点灯している他のバルブと入れ替えられる場合はバルブを入れ替えて点灯の確認を行います。バルブを入れ替えて点灯すればバルブ切れを疑い、点灯するはずのバルブを取り付けても点灯しない場合は配線などの不具合の可能性があります。テスターを使用して電圧を測定すればバルブの入れ替えをしなくても確認できますが、1人で作業をする場合はブレーキペダルを踏み込みながら電圧を測定する工夫が必要です。

修理・改善方法

バルブ交換によって改善します。なお、ブレーキランプとテールランプを兼ねているダブル球の場合は、バルブ金属部の突起やバルブの向きを間違えて取り付けると正しく点灯しなくなるため注意が必要です。

② 配線不良

原因

ブレーキランプへ電気を送るための配線が断線してしまうとブレーキランプは点灯しなくなってしまいます。断線した箇所によって症状は異なり、左右ブレーキランプに分岐する前の大元配線が断線している場合はすべてのブレーキランプが点灯せず、個別のランプに分岐した配線が断線した場合は該当するブレーキランプが点灯しなくなってしまいます。

診断方法

バルブを取り外して電圧を確認します。配線切れの場合は電圧がかかりませんので、あとは電圧がどこまで来ているかを追いかけ断線箇所の特定を行います。

修理・改善方法

断線している箇所が特定できたら、配線の修理をすれば改善します。ただし、他の部品に潰されていたり挟まれたことが原因で断線している場合には取り回しの変更や保護材などの取り付けも併せて必要になります。

③ ストップランプスイッチの故障

原因

ブレーキペダルを踏み込んだことを検知するスイッチがストップランプスイッチですので、このスイッチが故障してしまうとブレーキペダルを踏み込んでも検知ができず、ブレーキランプが点灯しなくなります。

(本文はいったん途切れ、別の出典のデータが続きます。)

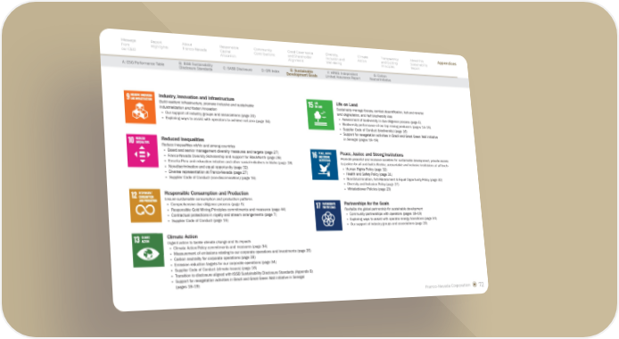 Franco-Nevada Corporation 72 Climate Action Urgent action to tackle climate change and its impacts § Climate Action Policy commitments and measures (page 34) § Measurement of emissions relating to our corporate operations and investments (page 35) § Carbon neutrality for corporate operations (page 39) § Emission reduction targets for our corporate operations (page 34) § Supplier Code of Conduct (climate issues) (page 16) § Transition to disclosure aligned with ISSB Sustainability Disclosure Standards (Appendix B) § Support for revegetation activities in Brazil and Great Green Wall initiative in Senegal (pages 18–19) Industry, Innovation and Infrastructure Build resilient infrastructure, promote inclusive and sustainable industrialization and foster innovation § Our support of industry groups and associations (page 20) § Exploring ways to assist with operators to achieve net-zero (page 34) Life on Land Sustainably manage forests, combat desertification, halt and reverse land degradation, and halt biodiversity loss § Assessment of biodiversity in due diligence process (page 5) § Biodiversity performance of our top mining producers (pages 14–15) § Supplier Code of Conduct (biodiversity) (page 16) § Support for revegetation activities in Brazil and Great Green Wall initiative in Senegal (pages 18–19) Reduced Inequalities Reduce inequalities within and among countries § Board and senior management diversity measures and targets (page 27) § Franco-Nevada Diversity Scholarship and support for BlackNorth (page 29) § Enseña Peru and education intiative and other social initiatives in Idaho (page 18) § Non-discrimination and equal opportunity (page 32) § Diverse representation at Franco-Nevada (page 27) § Supplier Code of Conduct (non-discrimination) (page 16) Responsible Consumption and Production Ensure sustainable consumption and production patterns § Comprehensive due diligence process (page 5) § Responsible Gold Mining Principles commitments and measures (page 44) § Contractual protections in royalty and stream arrangements (page 7) § Supplier Code of Conduct (page 16) Peace, Justice and Strong Institutions Promote peaceful and inclusive societies for sustainable development, provide access to justice for all and build effective, accountable and inclusive institutions at all levels § Human Rights Policy (page 32) § Health and Safety Policy (page 31) § Non-Discrimination, Anti-Harassment & Equal Opportunity Policy (page 32) § Diversity and Inclusion Policy (page 27) § Whistleblower Policies (page 23) Partnerships for the Goals Revitalize the global partnership for sustainable development § Community partnerships with operators (pages 18–19) § Exploring ways to assist with operator energy transitions (page 34) § Our support of industry groups and associations (page 20) Message from our CEO Report Highlights About Franco-Nevada Responsible Capital Allocation Community Contributions Good Governance and Shareholder Alignment Diversity, Inclusion and Well-Being Climate Action Transparency and Guiding Principles About this Sustainability Report Appendices Appendices A: ESG Performance Table B: ISSB Sustainability Disclosure Standards C: SASB Disclosure D: GRI Index E: Sustainable Development Goals F: KPMG: Independent Limited Assurance Report G: Carbon Neutral Initiative
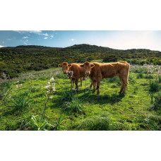 Twee runderen voelen zich zichtbaar goed op de weelderige groene weiden op Sardinië.
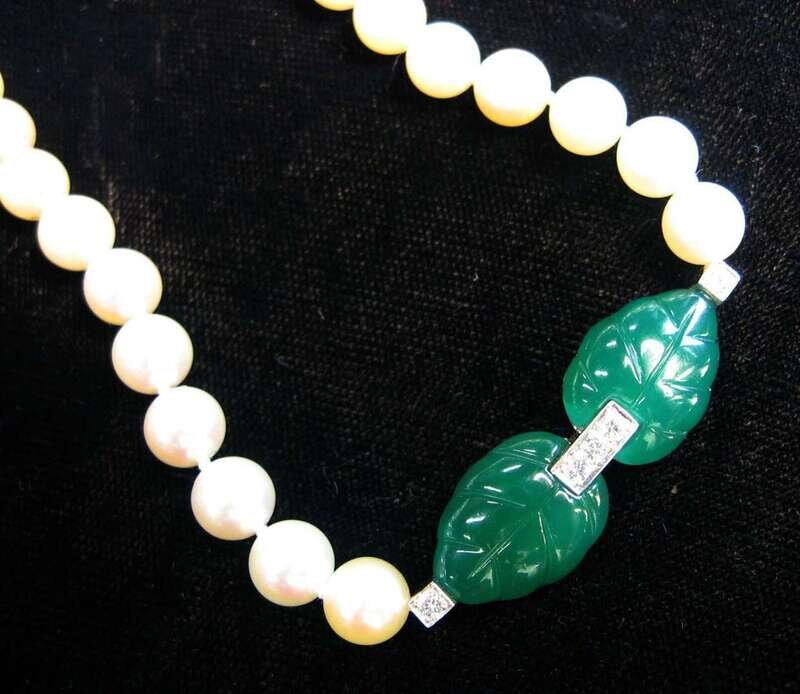 Cultured pearl and emerald necklace, Cartier

反対の症状として、このスイッチが固着してしまうとブレーキランプが点灯しっぱなしになるという状態になるケースもあります。

診断方法

ストップランプスイッチの単体テストを行って導通、非導通の確認を行うか、診断ツールを接続してストップランプスイッチのON・OFFをモニターします。

修理・改善方法

ストップランプスイッチの故障と判断ができたら、スイッチの交換を行うことで改善します。なお、ストップランプスイッチの取り付け時に位置調整が必要なケースもありますので、ストップランプスイッチ取り外し時にどのような位置関係で取り付いていたかメモするなど注意が必要です。